Each line of the data below from the one holding "In addition to" to the one holding "Fråga d: De", inclusive, is to be reproduced exactly; no other line belongs in the answer.

DATA SUPPLIED section start

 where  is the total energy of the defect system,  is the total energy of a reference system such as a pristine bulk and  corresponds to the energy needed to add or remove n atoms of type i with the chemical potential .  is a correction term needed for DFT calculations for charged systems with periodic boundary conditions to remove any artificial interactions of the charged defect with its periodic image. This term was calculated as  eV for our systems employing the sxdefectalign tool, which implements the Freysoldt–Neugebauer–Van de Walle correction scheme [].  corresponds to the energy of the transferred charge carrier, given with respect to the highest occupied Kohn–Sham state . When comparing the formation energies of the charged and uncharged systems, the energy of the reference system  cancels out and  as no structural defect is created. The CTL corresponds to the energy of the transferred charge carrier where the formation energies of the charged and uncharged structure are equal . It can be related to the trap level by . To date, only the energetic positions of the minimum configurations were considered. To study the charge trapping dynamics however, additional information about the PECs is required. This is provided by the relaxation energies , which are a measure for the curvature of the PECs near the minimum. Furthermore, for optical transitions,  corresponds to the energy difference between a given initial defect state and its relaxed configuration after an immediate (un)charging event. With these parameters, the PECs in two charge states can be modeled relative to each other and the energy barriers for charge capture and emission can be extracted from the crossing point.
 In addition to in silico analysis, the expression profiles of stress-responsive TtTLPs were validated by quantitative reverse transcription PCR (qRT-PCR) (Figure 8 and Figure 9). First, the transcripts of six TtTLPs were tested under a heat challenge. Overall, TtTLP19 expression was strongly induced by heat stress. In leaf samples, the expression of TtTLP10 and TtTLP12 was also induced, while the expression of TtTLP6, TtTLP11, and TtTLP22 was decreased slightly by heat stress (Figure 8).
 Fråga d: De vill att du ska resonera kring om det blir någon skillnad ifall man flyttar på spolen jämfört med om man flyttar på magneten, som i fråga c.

DATA SUPPLIED section end
DATA SUPPLIED section start

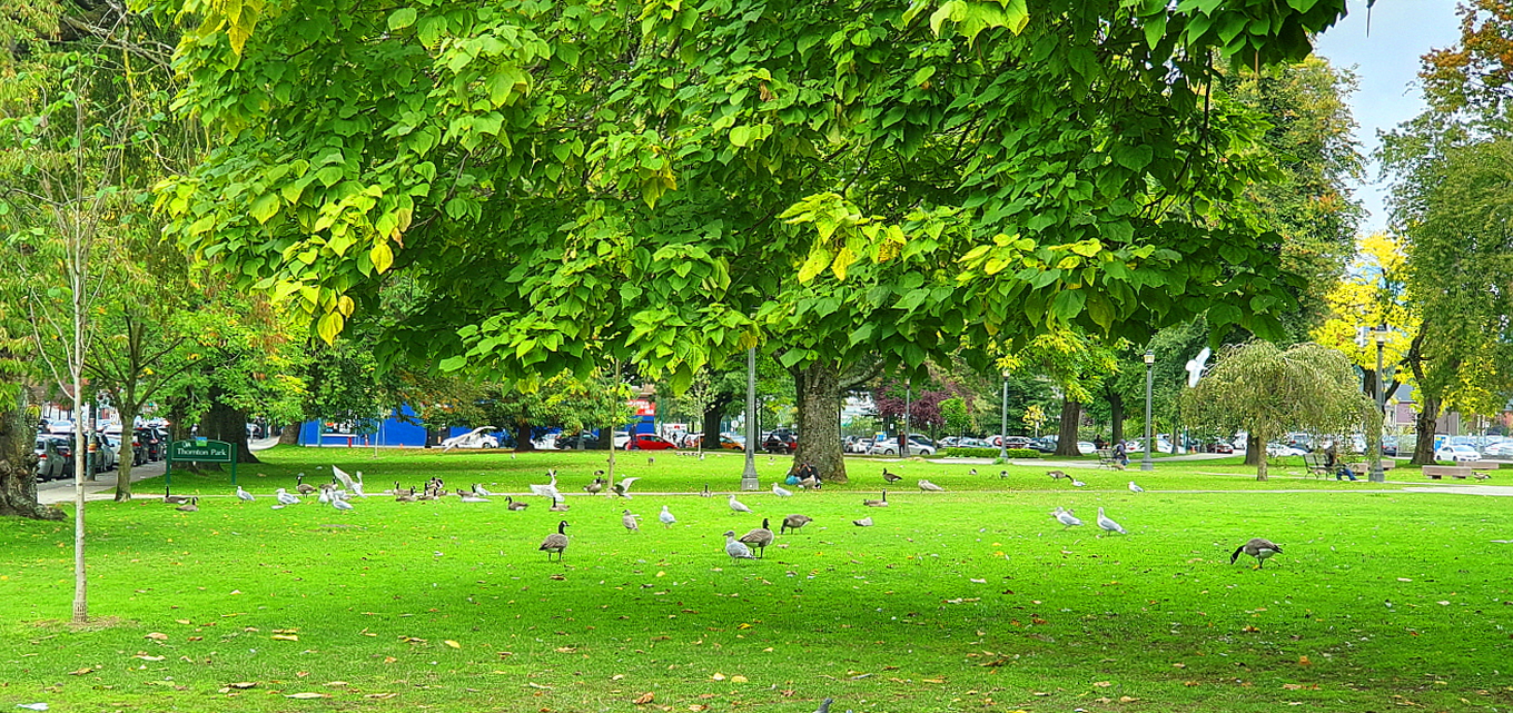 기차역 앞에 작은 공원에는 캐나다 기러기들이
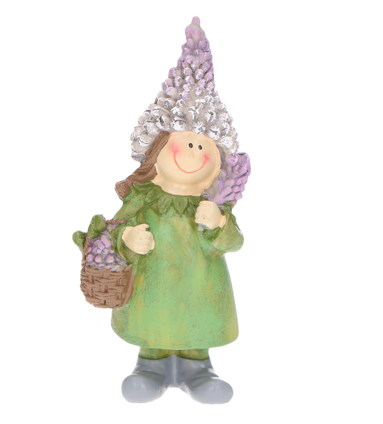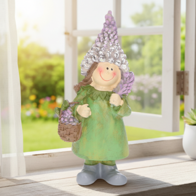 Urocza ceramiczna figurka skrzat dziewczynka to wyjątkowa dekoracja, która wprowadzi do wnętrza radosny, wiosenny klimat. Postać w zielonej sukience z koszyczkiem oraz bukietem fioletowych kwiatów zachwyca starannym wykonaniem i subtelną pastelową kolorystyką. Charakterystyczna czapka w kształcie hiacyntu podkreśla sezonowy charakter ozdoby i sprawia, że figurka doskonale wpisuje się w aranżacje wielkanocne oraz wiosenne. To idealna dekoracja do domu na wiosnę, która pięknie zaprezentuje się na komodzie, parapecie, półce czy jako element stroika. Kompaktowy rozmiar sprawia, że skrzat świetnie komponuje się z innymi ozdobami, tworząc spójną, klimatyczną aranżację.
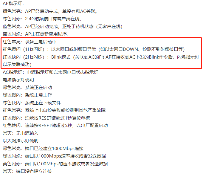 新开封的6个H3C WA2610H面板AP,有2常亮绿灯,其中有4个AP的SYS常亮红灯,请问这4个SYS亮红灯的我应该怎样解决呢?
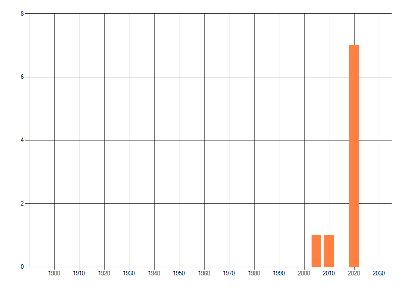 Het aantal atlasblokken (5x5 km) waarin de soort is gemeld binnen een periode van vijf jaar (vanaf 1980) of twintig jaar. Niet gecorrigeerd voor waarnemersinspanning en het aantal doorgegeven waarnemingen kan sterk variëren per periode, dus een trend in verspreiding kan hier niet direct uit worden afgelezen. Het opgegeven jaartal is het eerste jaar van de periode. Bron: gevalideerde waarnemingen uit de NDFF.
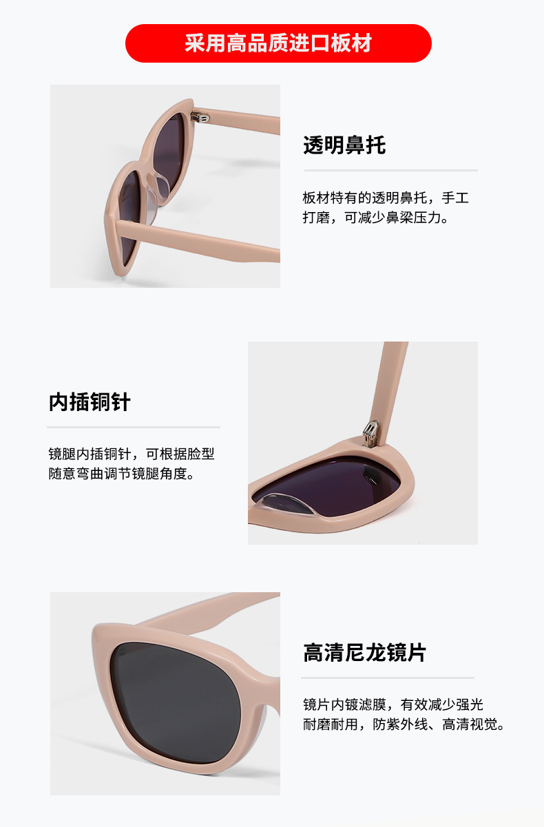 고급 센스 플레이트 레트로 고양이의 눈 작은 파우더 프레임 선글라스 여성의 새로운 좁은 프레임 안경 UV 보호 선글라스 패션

DATA SUPPLIED section end

TASK OUTPUT ->
 In addition to in silico analysis, the expression profiles of stress-responsive TtTLPs were validated by quantitative reverse transcription PCR (qRT-PCR) (Figure 8 and Figure 9). First, the transcripts of six TtTLPs were tested under a heat challenge. Overall, TtTLP19 expression was strongly induced by heat stress. In leaf samples, the expression of TtTLP10 and TtTLP12 was also induced, while the expression of TtTLP6, TtTLP11, and TtTLP22 was decreased slightly by heat stress (Figure 8).
 Fråga d: De vill att du ska resonera kring om det blir någon skillnad ifall man flyttar på spolen jämfört med om man flyttar på magneten, som i fråga c.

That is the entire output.